======== Provided material
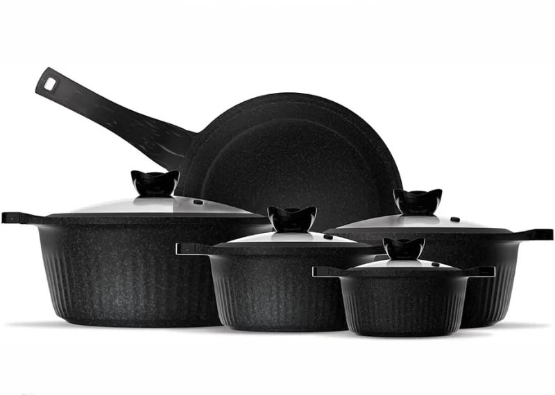 Aboud Die-Cast Granite 9-Piece Cooking Set (Pots 18/20/24/28 + Frying Pan 28) Black
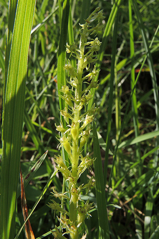Der Blütenstand erreicht eine Länge von bis zu 15 cm und kann mit bis zu 100 kleinen, unscheinbar blassgelben bis hellgrünlichen Blüten besetzt sein. Damit dürfte das Einblatt die heimische Orchidee mit den meisten Blüten sein. Informationen zur Pflanze: Art: Einblatt (Malaxis monophyllos). Verbreitung: Im zirkumpolaren Areal der temperaten und borealen Zone Europas, Asiens und Nordamerikas. In den Gebirgen Ostasiens und Nordamerikas bis in die meridionale Zone. Das Einblatt fehlt in Westeuropa, südwärts kommt es bis in die Alpen und Karpaten vor. Regionale Verbreitung Alpen: In den Westalpen selten, in den Ostalpen zerstreut, bis in Höhen von 1800 m. Vorkommen: Mässig nährstoff- und mineralreiche, lockere Böden, vorzugsweise mit austretendem Hangdruckwasser - nasse Laubwälder, Feuchtwiesen, feuchte Weg- und Bachränder, Böschungen, moosige Polster von Felsen, Niedermoore, Kalkflachmoore. Wuchshöhe: 10 - 30 cm. Blüte: Juni - Juli, Länge Perigonblätter 1,5 – 2,5 mm. |
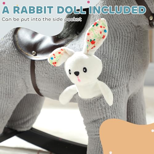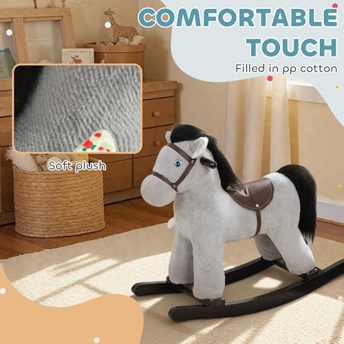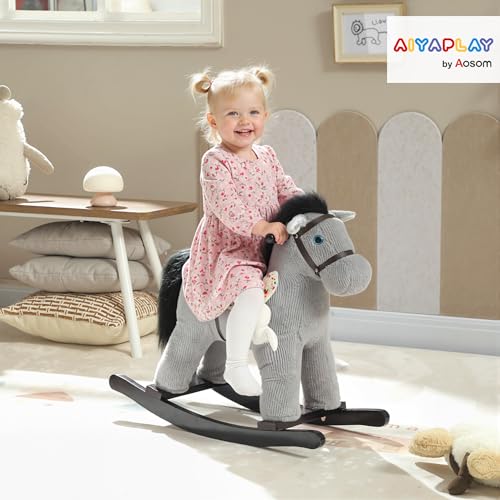 AIYAPLAY Baby Rocking Horse, Plush Ride on Toy with Handle Grip, Sound and Toy, Toddler Animal Rocker for Kids Aged 2-5, Grey
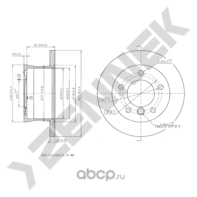 | ZENNEK | DBD0175 | Диск томозной передний | ||
================
Print, exactly as written, the lines from the one containing "AIYAPLAY Baby Rocking" to the end of the material, both ends included, and nothing else; no pictures.

*Task solution*:
 AIYAPLAY Baby Rocking Horse, Plush Ride on Toy with Handle Grip, Sound and Toy, Toddler Animal Rocker for Kids Aged 2-5, Grey
 | ZENNEK | DBD0175 | Диск томозной передний | ||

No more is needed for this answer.